In 2021, he released the EP IV, featuring four tracks, including "Duo", which was accompanied by a music video. This was the first project of Gellaitry's that prominently featured his vocals, as his previous works were primarily instrumental or sample based.

In 2022, he released the mixtape album VF Vol. II, a followup to Viewfinder Vol. I, featuring a collaboration with PinkPantheress on "Picture in My Mind" and the single "Serotonin". PinkPantheress described Gellaitry as "a genius level producer". Also in 2022, EDM.com named Gellaitry as one of the 10 best music producers of the year.
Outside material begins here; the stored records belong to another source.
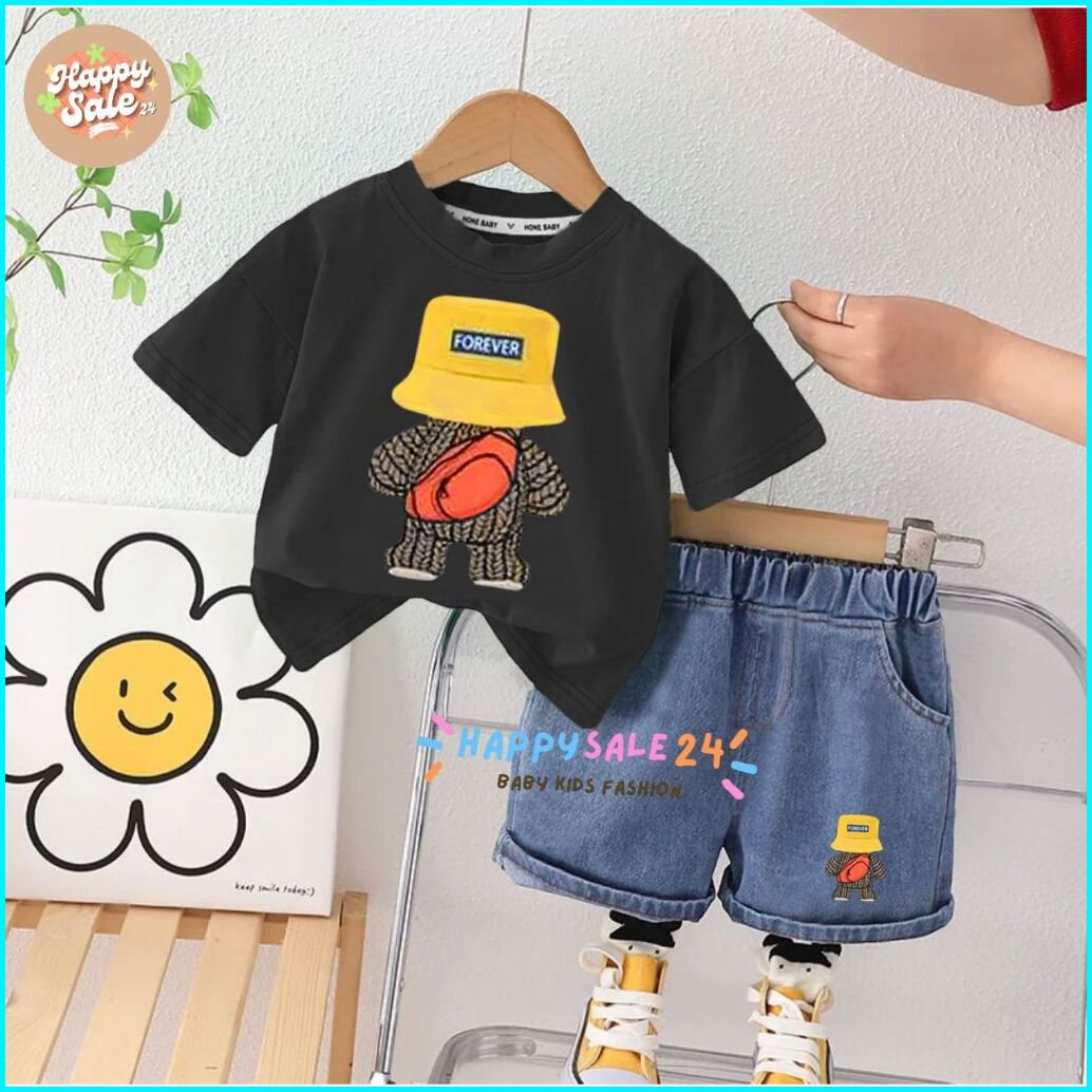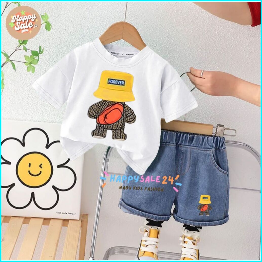 Setelan Anak Laki Laki Kaos Kartun Modis Celana Jeans Pendek Kekinian Usia 1-5 Tahun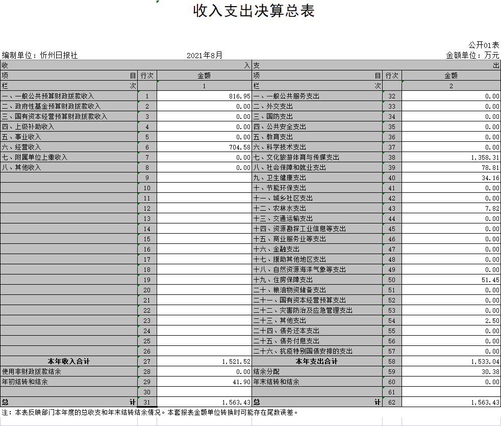 (三)部门决算单位构成:忻州日报社是一级预算单位,无下属单位。部门预算只有一个单位,即忻州日报社。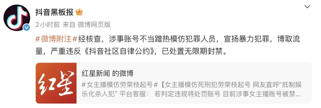 7日晚,抖音黑板报官方微博发文称,经核查,涉事账号不当蹭热模仿犯罪人员,宣扬暴力犯罪,博取流量,严重违反《抖音社区自律公约》,已处置无限期封禁。
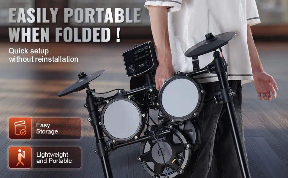 Ten elektroniczny zestaw perkusyjny składa się szybko, co ułatwia konfigurację w domu, w studiu lub na scenie – nie wymaga ponownego montażu! Oszczędź czas i zacznij grać od razu, niezależnie od tego, gdzie jesteś.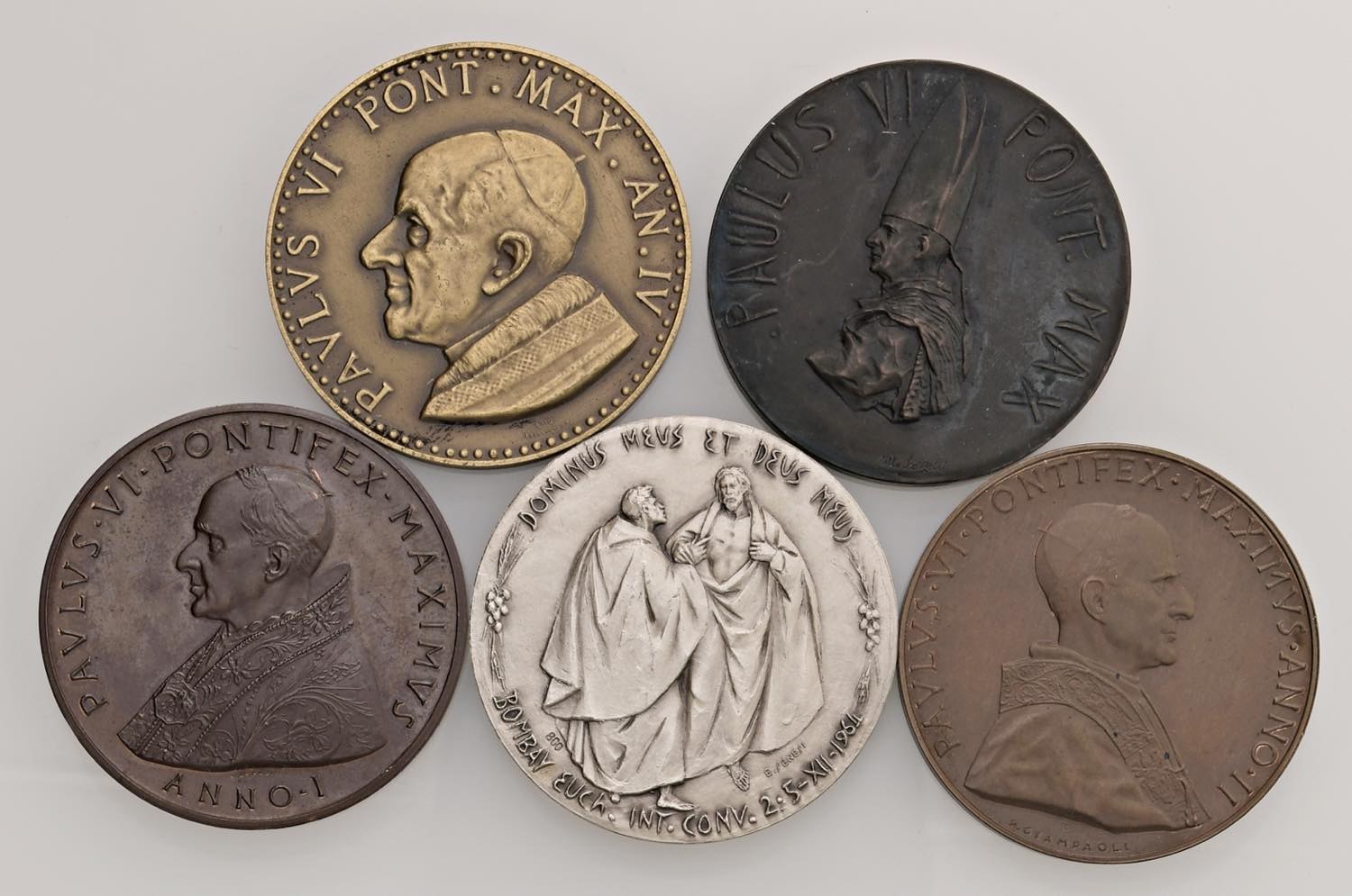 Papal medals - Lotto di 5 Medaglie Papali - 1 in argento Paolo VI...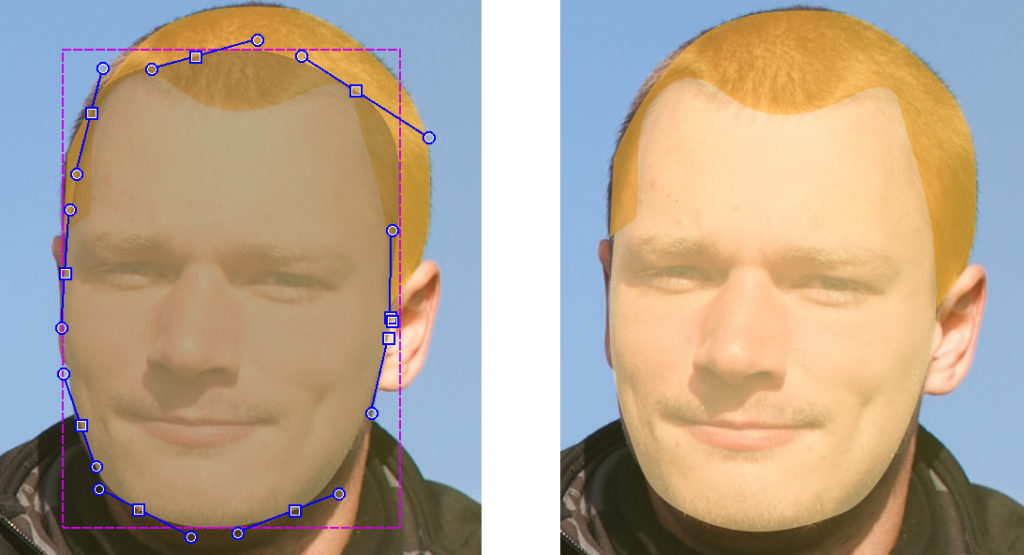 Das heißt: Violett wird immer über schwarz, schwarz immer über blau und blau immer über grün dargestellt usw. Das erleichtert das Kartieren ungemein. In meinem Beispiel habe ich das Gesicht mit 403: Raues offenes Gebiet gezeichnet. Für die Haare benutzte ich 401: Offenes Gebiet, welches über der 403 angezeigt wird, sodass man nicht mehr sieht, dass die Gesicht-Fläche oben in die Haar-Fläche ragt: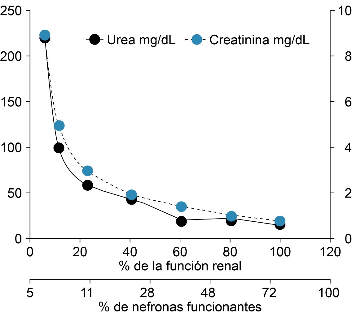 Otro ejemplo de esta adaptación es cómo se incrementan solutos como la urea y la creatinina a medida que se pierde la función renal.13 Como se ejemplifica en la Figura 3, se trata de un incremento exponencial de ambas variables urea y creatinina. Lo interesante de estas curvas es que son tan parecidas que las grafiqué juntas. Ambos metabolitos se mantienen en valores normales o muy cercanos a ellos hasta que la pérdida de la función renal va más allá de 80%. A este descenso en la función se suman otras alteraciones bioquímicas, minerales, endocrinas, hematológicas, nutricionales y tóxicas. Éstas son progresivas y todas sumadas constituyen clínicamente lo que conocemos como síndrome urémico.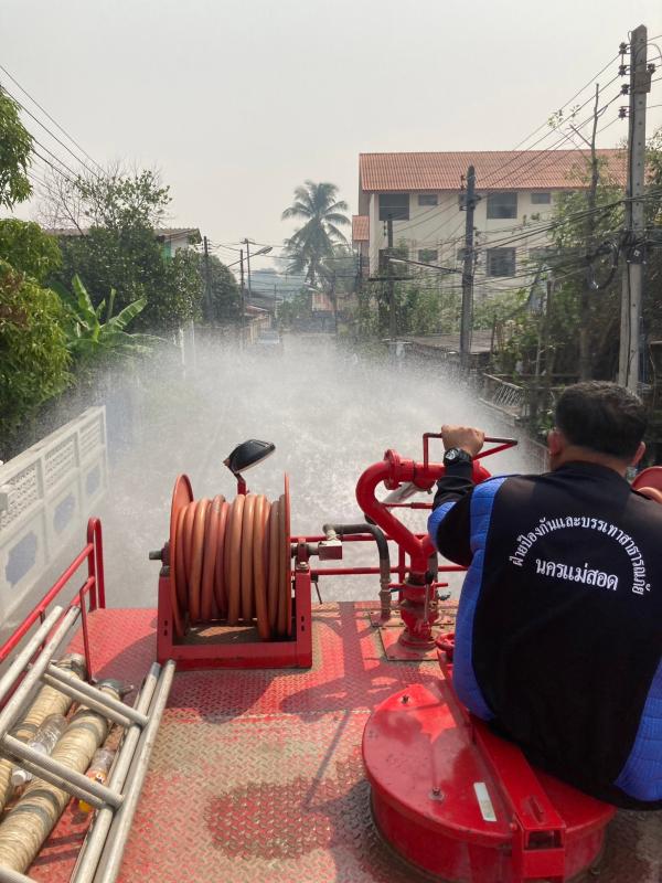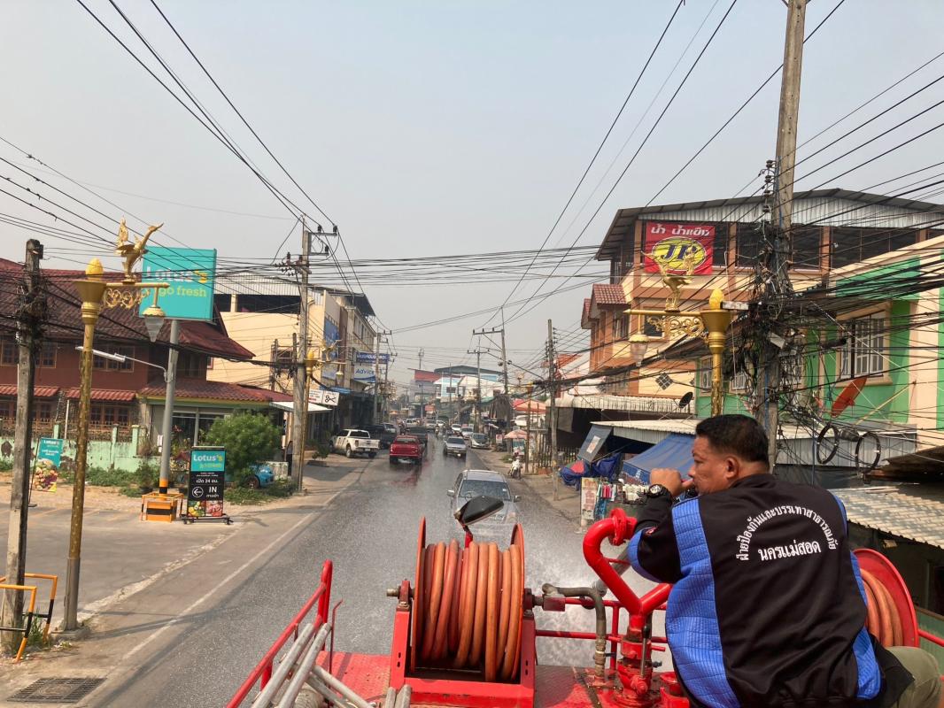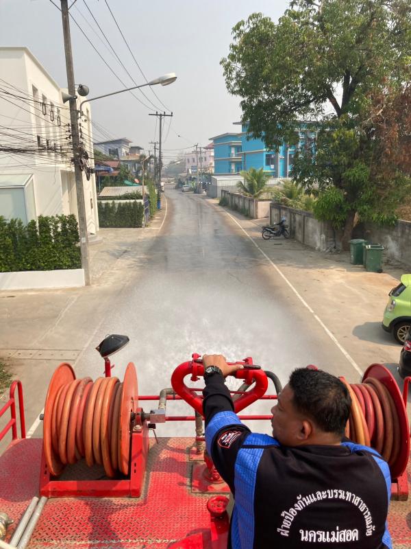 วันที่ 2 มีนาคม 2566 เวลา 11.00 น. ว่าที่ร้อยตรี ประเสริฐ ปวงละคร นายกเทศมนตรีนครแม่สอด พร้อมด้วยนายสุวิทย์ คามณีวงศ์ รองนายกเทศมนตรีนครแม่สอด ลงพื้นที่ควบคุมการปฏิบัติหน้าที่ของฝ่ายป้องกันฯ นครแม่สอด ในการฉีดน้ำพรมถนนเพื่อลดปัญหาฝุ่น PM 2.5 ถนนเส้นข้างร้านสุธิดาการเกษตร ถนนเส้นศาลปู่แดง และบริเวณใกล้เคียง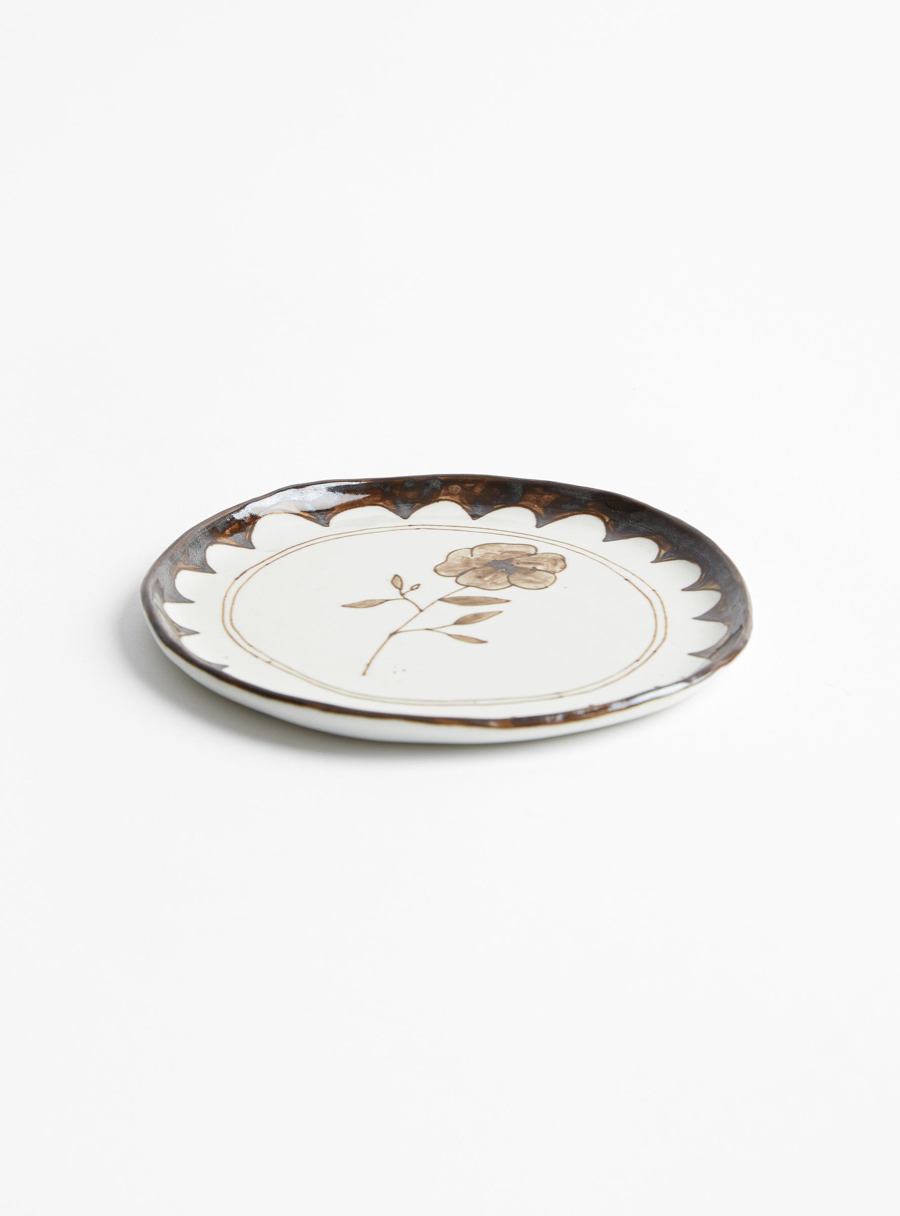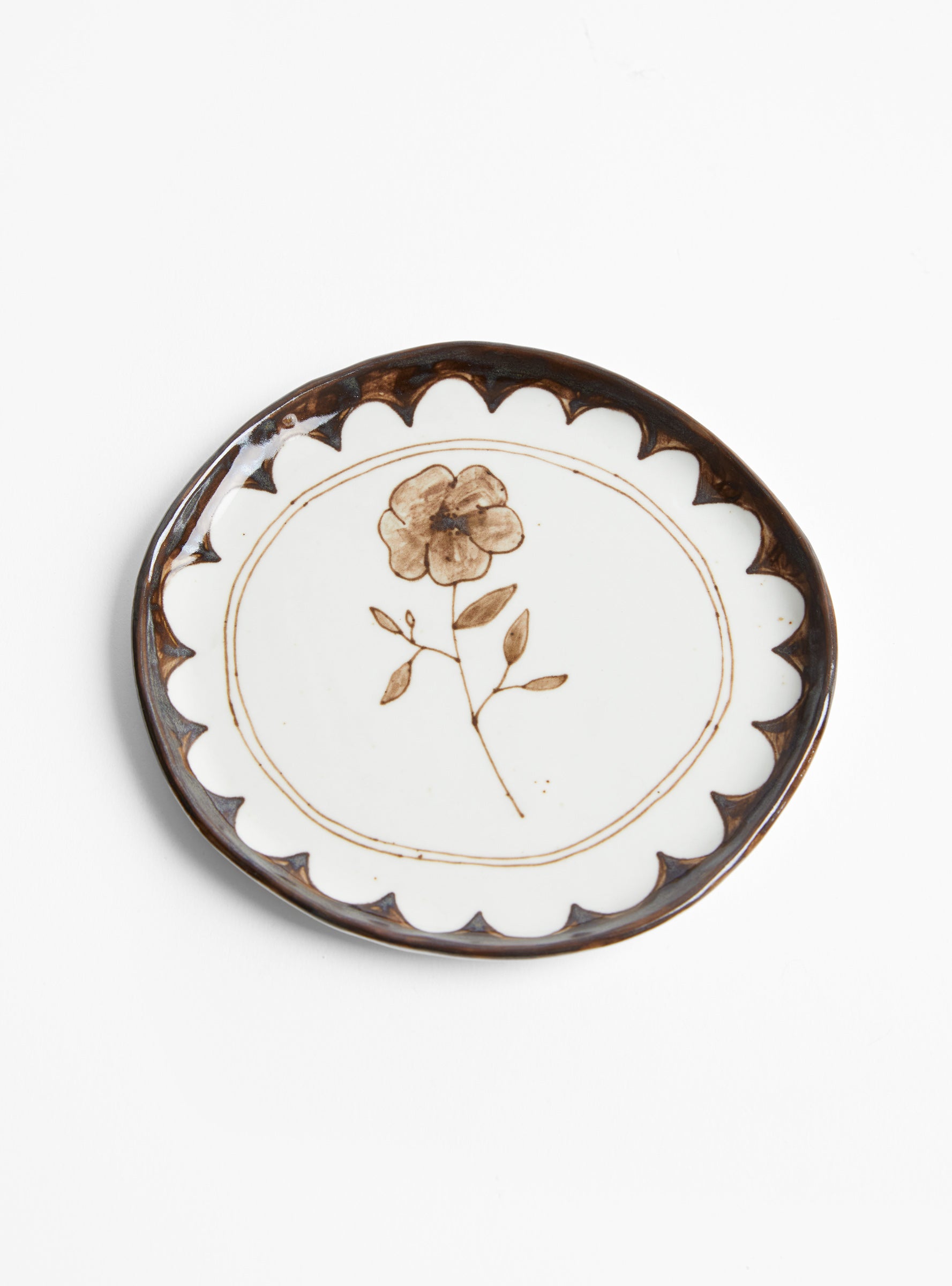 The Wild Rose Snack Plate 3 from Stephanie Dawn Matthias is made in the USA and hand-crafted from ceramic. Featuring a white base with a brown floral motif and a scalloped edge, this rounded plate brings a delicate, handcrafted touch to your table.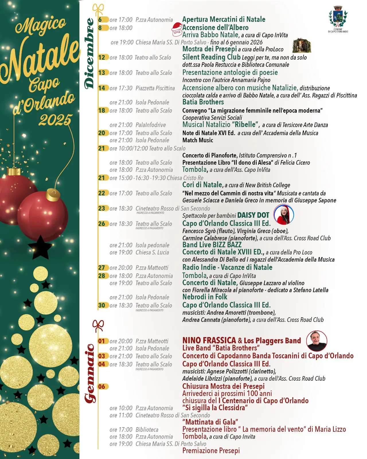 Di seguito i momenti più significativi del calendario del Natale a Capo d’Orlando 2025 (tutti gli orari sono indicativi e possono essere soggetti a variazioni):

This Song Is Sick ranked him as number two on their list of "Top 10 Artists to Watch in 2023".

In 2023, producer Kaytranada remixed Gellaitry's single "Assumptions". Gellaitry described Kaytranada as "a true innovator and inspiration to my music".

Gellaitry has also produced for other artists such as Don Toliver and Masego.

Gellaitry's debut studio album, Anywhere Here Is Perfect, released on 7 November 2025.

=== Musical influences ===
Gellaitry has described Flying Lotus, Hudson Mohawke, Rustie, Daft Punk, Röyksopp and Toro y Moi as being some of his musical influences.

== Personal life ==
Gellaitry has synaesthesia, and has discussed in interviews how he sees key signatures in different colours and how this influences his music. He lives in Stirling, where he grew up.

== Discography ==

=== Studio albums ===

- Anywhere Here Is Perfect (2025)

=== Mixtapes ===

- Viewfinder Vol. I: Phosphene (2019)
- VF Vol. II (2022)

=== EPs ===

- Short Stories (2015)
- Escapism (2015)
- Escapism II (2016)
- Escapism III (2017)
- IV (2021)
- Under the Illusion (2023)

=== Singles ===

List of singles, with year released, selected chart positions, and album name shown
Title: Year; Peak chart positions; Album
NZ Hot: US Dance
"Thinking": 2018; —; —; Non-album single
"Duo": 2021; —; —; IV
"Gullible": —; —; VF Vol. II
"New Wave": 2022; —; —
"Angel": —; —
"Picture in My Mind" (with PinkPantheress): 14; —; Non-album single
"Serotonin": —; —; VF Vol. II
"Intertwine": —; —
"Name to a Face": —; —
"Assumptions": —; 5; IV
"Darling Drive" (with Mette): 2024; —; —; Non-album singles
"Maybe It's U": —; —
"More!": —; —
"Introspective": —; —
"Home": —; —
"Start Up a Rumour": 2025; —; —; Anywhere Here Is Perfect
"Curious" (featuring Toro y Moi): —; —
"Love on Me": —; —
"On&On": —; —
"Round & Round": 2026; —; —; Non-album single
"—" denotes a recording that did not chart in that territory.